New approach: recalculate from source of truth on every event

Implementation

The core of the new implementation is a pure calculateRevenue function that takes a slice of Shopify orders and returns the revenue breakdown for that day. No database calls. No side effects. Easy to test.

reportfns/revenue.go — AFTER

// RevenueResult is the daily revenue breakdown calculated from raw orders.
// All values are in the shop's currency.
type RevenueResult struct {
    GrossRevenue   float64
    TotalRefunds   float64
    NetRevenue     float64
    OrderCount     int
    RefundCount    int
}

// CalculateRevenue computes revenue from a slice of raw Shopify orders.
// Pure function: no I/O, no side effects, safe to call multiple times.
func CalculateRevenue(orders []ShopifyOrder, shopCurrency string) RevenueResult {
    var result RevenueResult

    for _, order := range orders {
        // Skip test orders — they don't represent real revenue
        if order.Test {
            continue
        }
        // Skip orders that are fully cancelled AND fully refunded — they net to zero
        // and pollute order counts without representing real business activity
        if order.CancelledAt != nil && isFullyRefunded(order) {
            continue
        }

        // Convert order total to shop currency at the exchange rate
        // recorded at the time of order creation.
        // CRITICAL: always use order.PresentmentCurrency + order.ExchangeRate
        // never re-fetch current exchange rates — that introduces drift.
        grossInShopCurrency := toShopCurrency(order.TotalPrice, order.PresentmentCurrency, order.ExchangeRate, shopCurrency)
        result.GrossRevenue += grossInShopCurrency
        result.OrderCount++

        // Calculate refunds: sum all refund transactions
        // DO NOT use order.TotalRefunded — it can be stale on webhook payloads.
        // Walk order.Refunds[] directly.
        for _, refund := range order.Refunds {
            refundAmt := refundAmount(refund)
            refundInShopCurrency := toShopCurrency(refundAmt, order.PresentmentCurrency, order.ExchangeRate, shopCurrency)
            result.TotalRefunds += refundInShopCurrency
            result.RefundCount++
        }
    }

    result.NetRevenue = result.GrossRevenue - result.TotalRefunds
    return result
}

// isFullyRefunded returns true if the order's refunds cover its entire price.
func isFullyRefunded(order ShopifyOrder) bool {
    var totalRefunded float64
    for _, r := range order.Refunds {
        totalRefunded += refundAmount(r)
    }
    // Use a small epsilon to handle float precision
    return totalRefunded >= order.TotalPrice-0.01
}

// refundAmount returns the net amount refunded in an order's presentment currency.
// It sums line item refunds + shipping refunds - restocking fees.
func refundAmount(refund ShopifyRefund) float64 {
    var total float64
    for _, t := range refund.Transactions {
        if t.Kind == "refund" && t.Status == "success" {
            total += t.Amount
        }
    }
    return total
}

The handler becomes much simpler. It doesn't need to understand what changed in the event — it just triggers a recalculation:

reportfns/handler.go — AFTER

func handleOrderEvent(ctx context.Context, event OrderEvent) error {
    shop, err := shopRepo.Get(ctx, event.ShopID)
    if err != nil {
        return fmt.Errorf("get shop %s: %w", event.ShopID, err)
    }

    // Determine the affected date in the shop's local timezone
    loc, err := time.LoadLocation(shop.Timezone)
    if err != nil {
        return fmt.Errorf("load timezone %s: %w", shop.Timezone, err)
    }
    affectedDate := event.OccurredAt.In(loc).Truncate(24 * time.Hour)

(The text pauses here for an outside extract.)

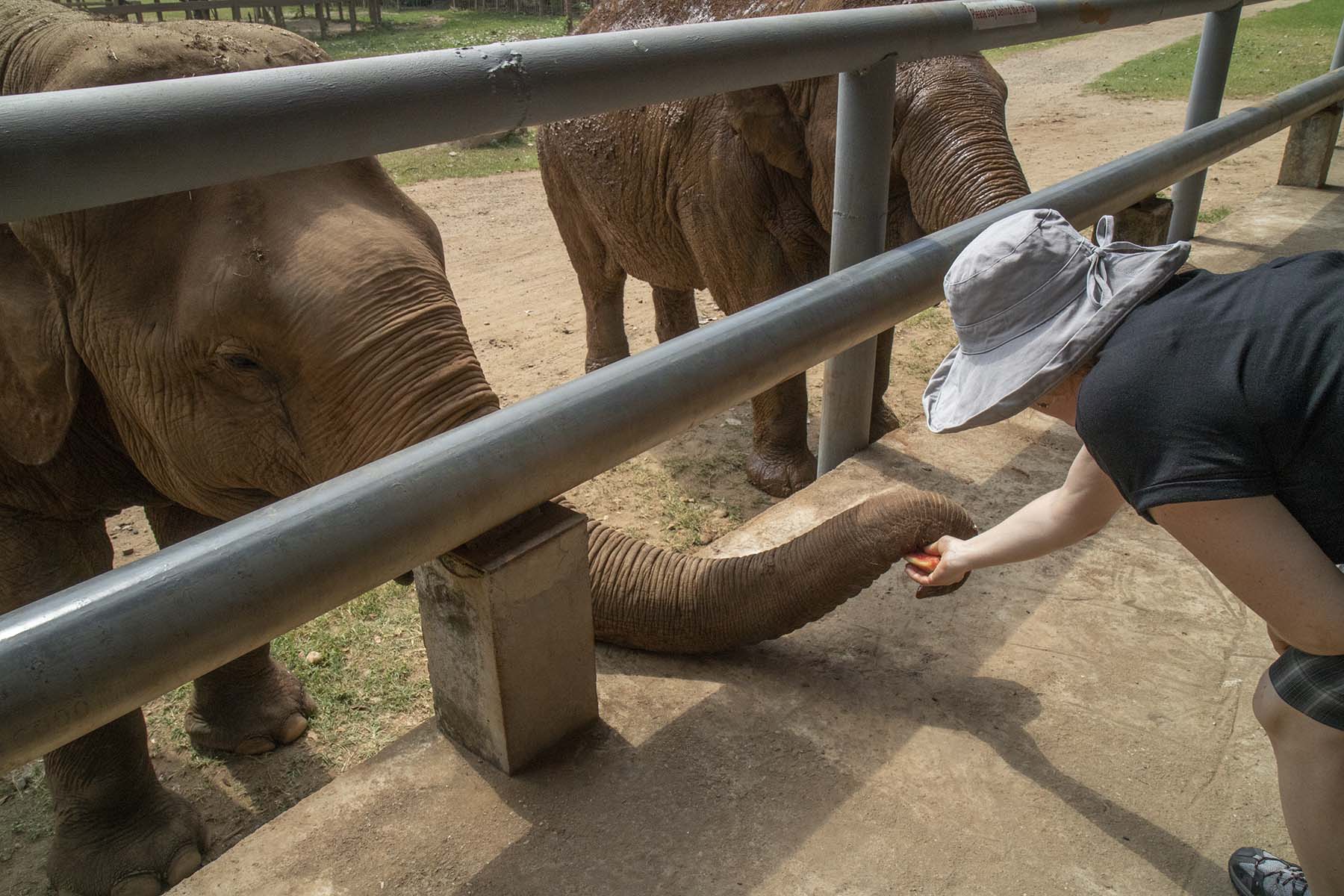IMG_1827Nic&Ele Published September 28, 2019 at 1800 × 1200 in Chiang Mai (Part 3) – Cooking School and Elephants Nic feeding an elephant at Elephant Nature Park, Chiang Mai, Thailand

    // Fetch current order state from Shopify (source of truth)
    orders, err := shopifyClient.GetOrdersForDate(ctx, event.ShopID, affectedDate, loc)
    if err != nil {
        return fmt.Errorf("fetch orders for %s on %s: %w", event.ShopID, affectedDate.Format("2006-01-02"), err)
    }

    // Calculate revenue from scratch — pure, idempotent
    rev := CalculateRevenue(orders, shop.Currency)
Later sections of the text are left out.